The World Health Organization (WHO) estimated that despite the damage done to the Iraqi health system by years of under-investment, economic sanctions and most acutely by weeks of conflict and looting, a mere $20 million a month was all that was needed to "jump start" hospitals and health centres across the country.

The idea behind the plan is to build on existing facilities and their highly committed staffs, WHO said. In the first place, that means making sure the very basics are in place - that floors are cleaned, patients fed and waste removed; that staff are given a daily allowance until a system is worked out to pay their salaries; that basic maintenance work can be done, generators can operate and the most essential medicines can be supplied.

The cost of not making this monthly investment could be much greater, the agency added. Without basic cleaning and maintenance, disease outbreaks are almost certain; without food, patients cannot recover; and without an allowance to enable them to feed themselves and their families, health workers and other hospital staff will have to look for work elsewhere.
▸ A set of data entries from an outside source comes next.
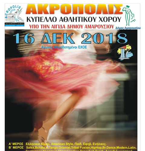 Συγκεκριμένα την Κυριακή 16 Δεκεμβρίου 2018 συμμετέχουν στον διαγωνισμό μοντέρνου χορού «ΑΚΡΟΠΟΛΙΣ», ο οποίος διοργανώνεται υπό την αιγίδα του Δήμου Αμαρουσίου, στο Κλειστό Δημοτικό Γυμναστήριο «Αγ.Θωμά», για να διεκδικήσουν το κύπελλο αθλητικού χορού.
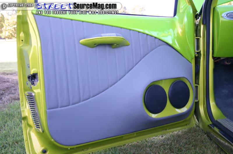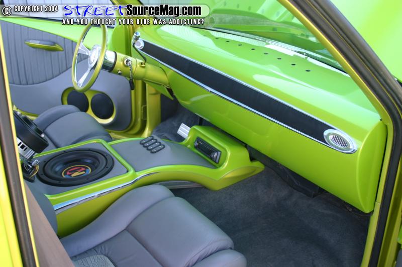 The seats are out of a Fiero and are wrapped in gray gator and leather. Coachworks did all the wrapping. Marks interior also features a Billet Specialties steering wheel, Trenz billet mirror, bullet hot rod vents, and a custom fiberglass console housing the switches and amp. The stereo consists of a Pioneer head unit, Boston Acoustics mids and highs, two 10” Memphis Audio M3 subs, and a Soundstream class D amp.
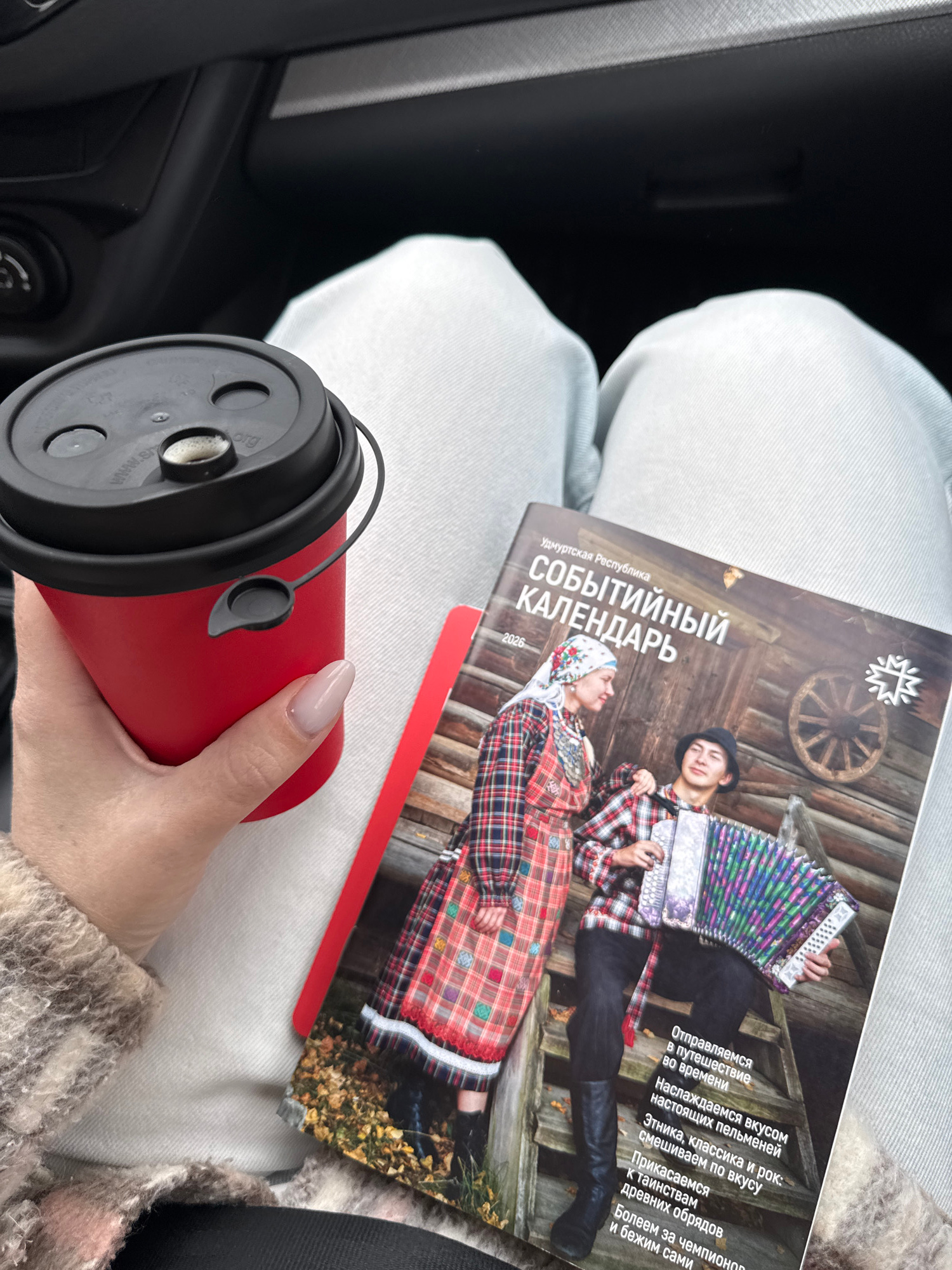 Here is a concise description of the image: The image shows a person sitting with a red travel mug in their hand. Resting on their lap is a calendar for the Republic of Udmurtia, Russia, specifically…read more
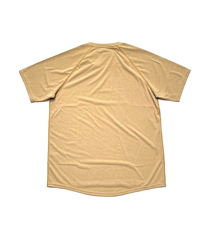 本体素材には、ペットボトル由来のリサイクルポリエステル《policott®》を使用。まるで綿のようなやわらかな肌触りながら、速乾性やUVカット、ストレッチ性も備え、アクティブなシーンから日常使いまで幅広く対応します。プリントには、ユーズド感のある“カスレ”を生かしたデザインを施し、洗うほどに風合いが増していくのも魅力。縫製にはフラットシーマを採用し、肌あたりも快適。着る人にも地球にもやさしい、新しいベーシックです。
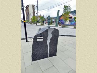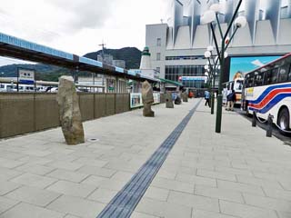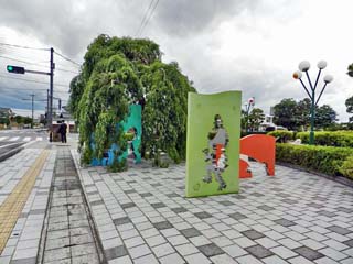 2018/9/26(13:13) 「JR境港駅前」。 歩道の線路(左)側には、銅板に妖怪の世界を 描き出した5基の「妖怪レリーフ」が立つ。 |
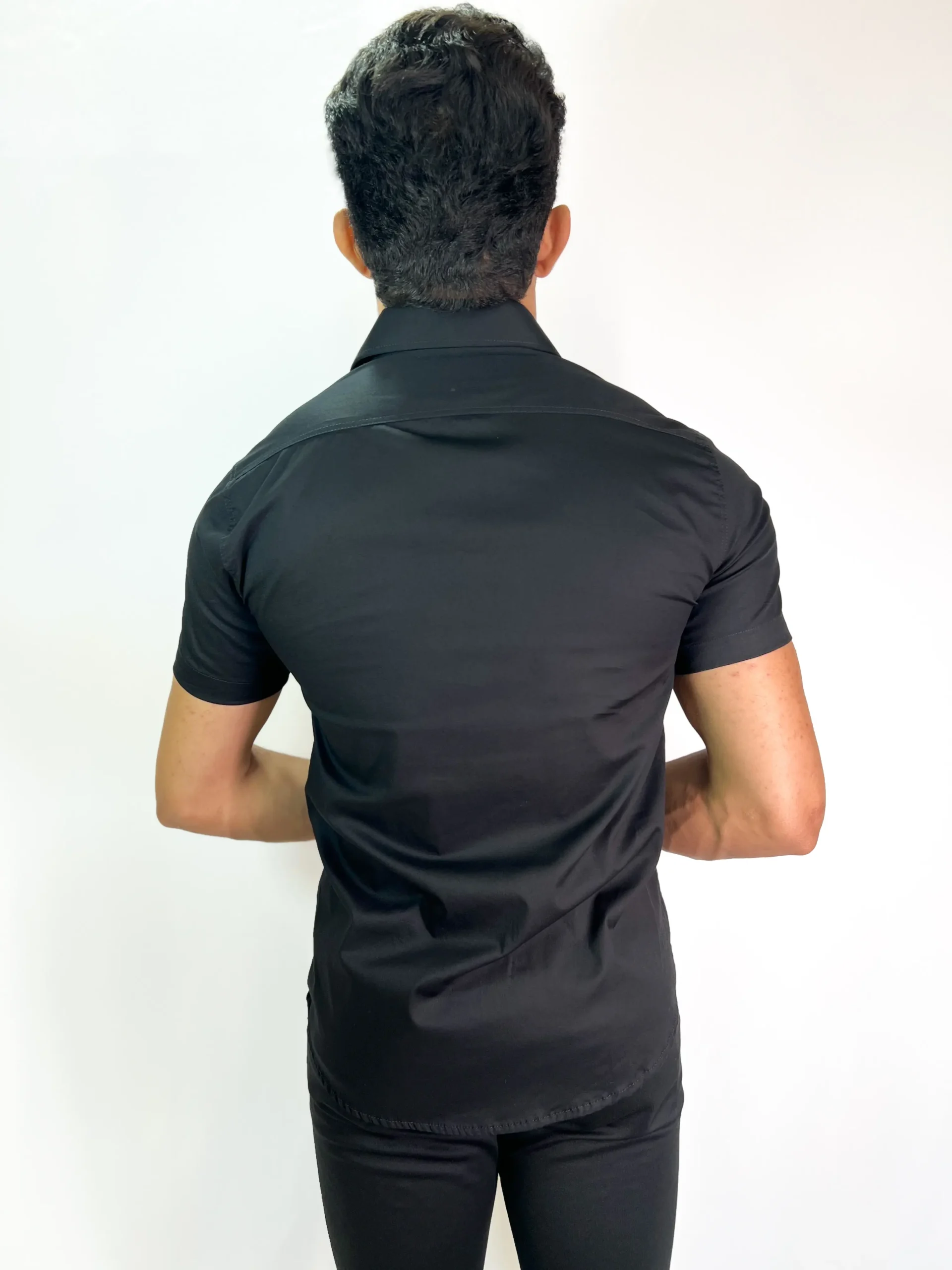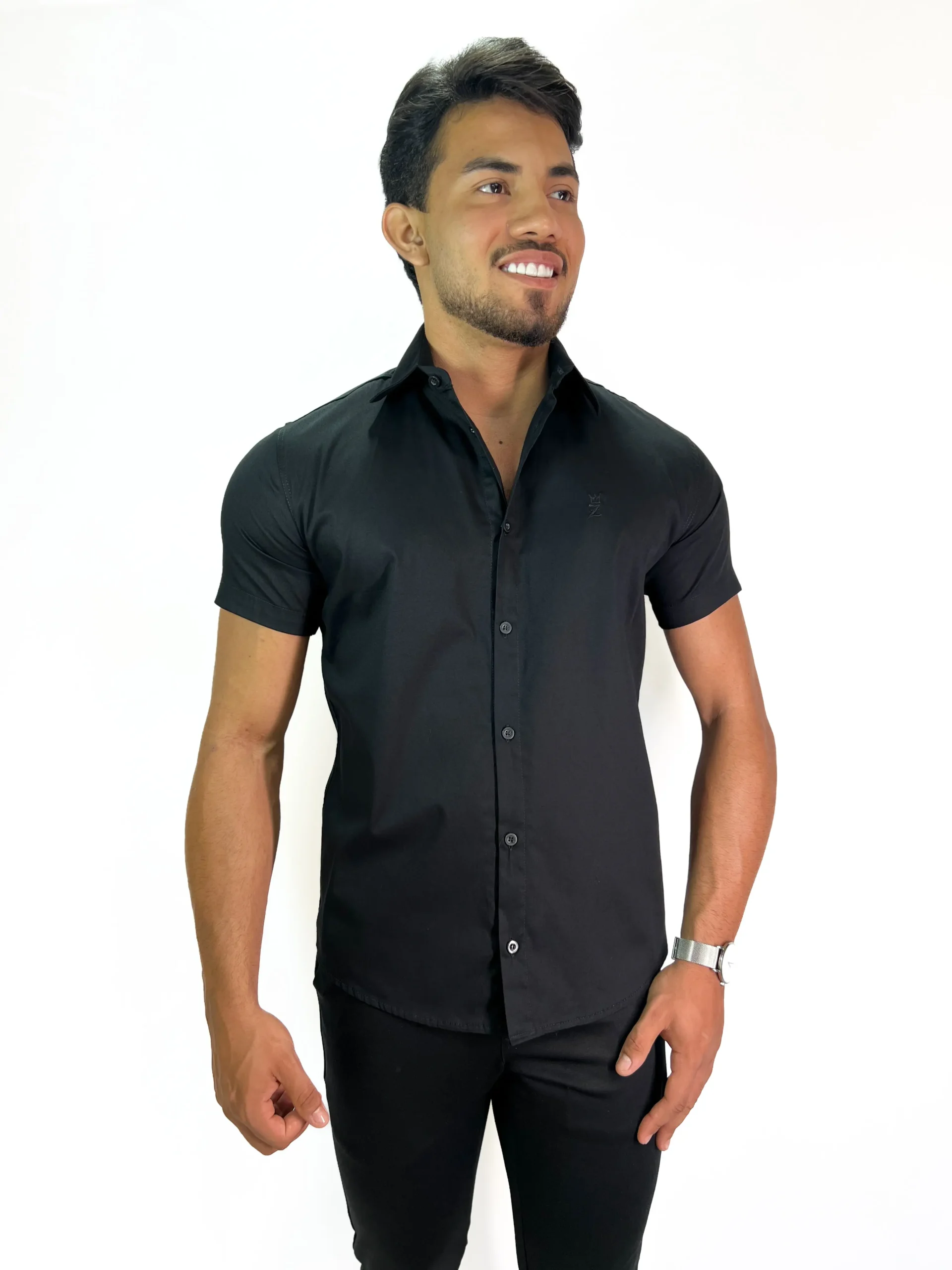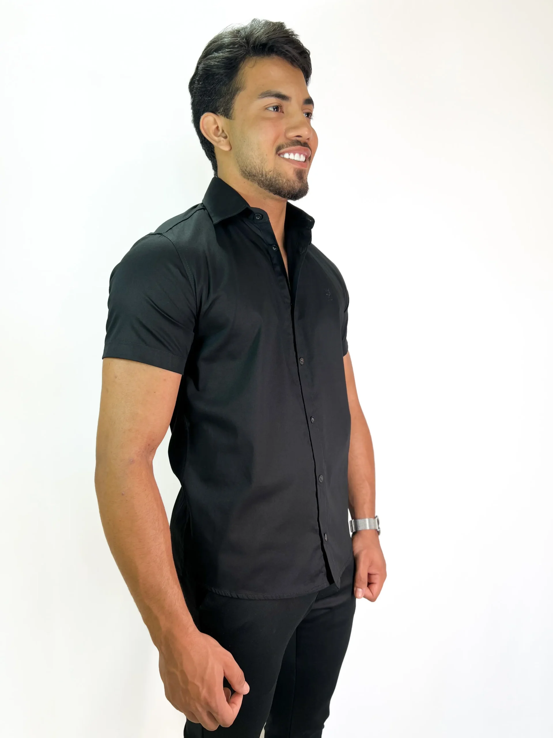 Camisa Social Manga Curta Colarinho Italiano Preta
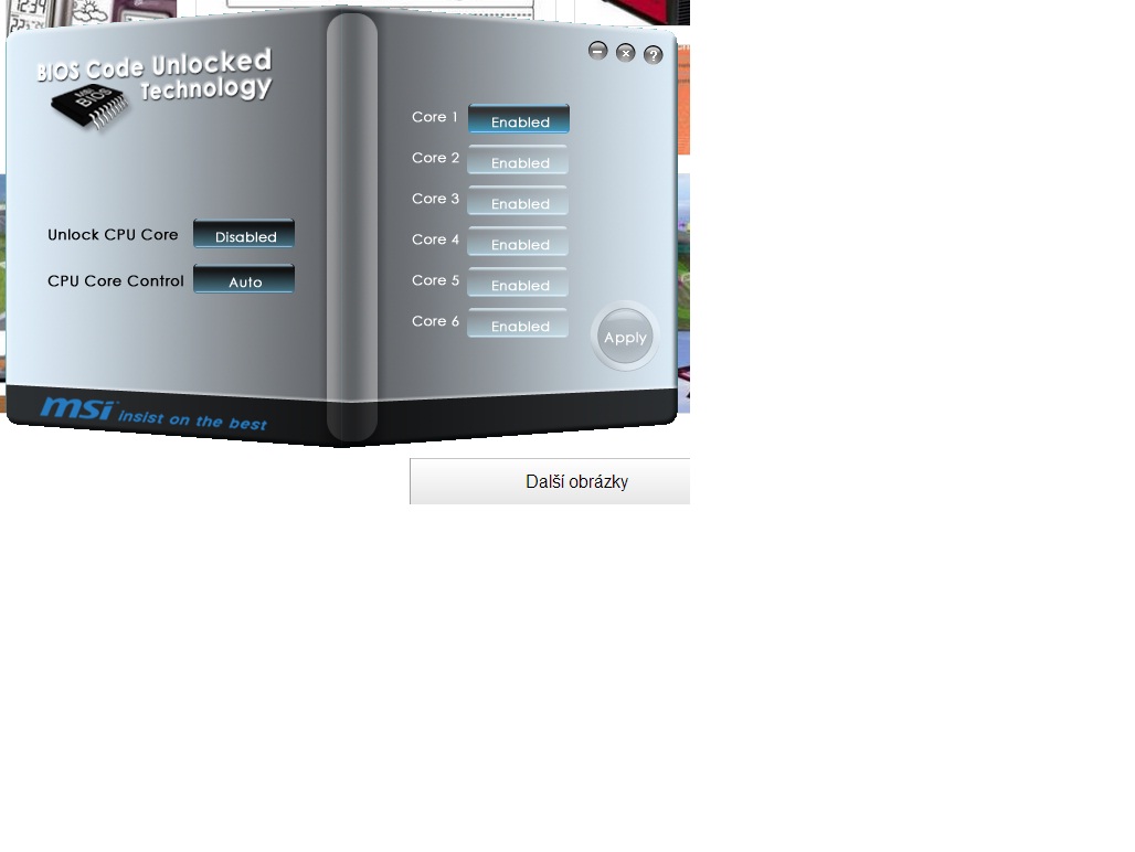 Myslím si že by pomohlo aktualizace Bios, mám v 02.61.. Tak jsem si stáhl LiveUpdate od MSI a ten mi rovnou našel Utilitku BIOS Code Unlocked Technology.. Spustím jí, dám Unlock CPU COre do Unabled, CPU Core Control do Auto a dám APPLY.. PC se restartuje, vypne, ale už nenaběhne.. Při zapnutí pěkně naskočí, vše se "roztočí", hučí, ale obraz nikde a ani žádna odezva..
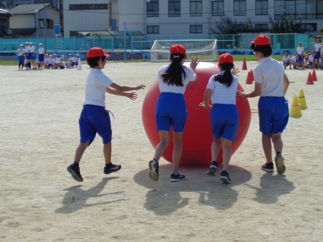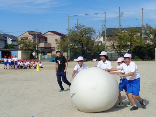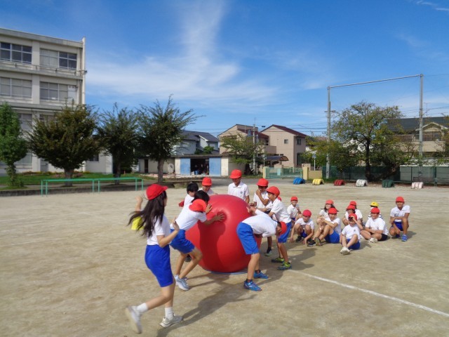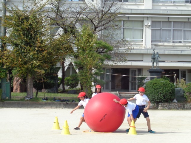 10月8日(水)5・6年生合同で体育をしました。運動会で行う競遊の練習をしました。初めて行う競技に戸惑いながらも、友達と八幡の「た」助け合うことができました。

"In the past days and weeks, we have seen the commitment of Iraqi health workers to public health. They have continued to work under some very difficult conditions," WHO Director General Gro Harlem Brundtland said. "Now we must ensure that their dedication and bravery is not wasted. Iraq's health system must not collapse for want of finance and support."

On their first full day back in Baghdad, the UN international team led by the Humanitarian Coordinator for Iraq, Ramiro Lopes da Silva, continued meetings with their national staff and representatives of non-governmental organizations in an effort to increase UN activities in the capital.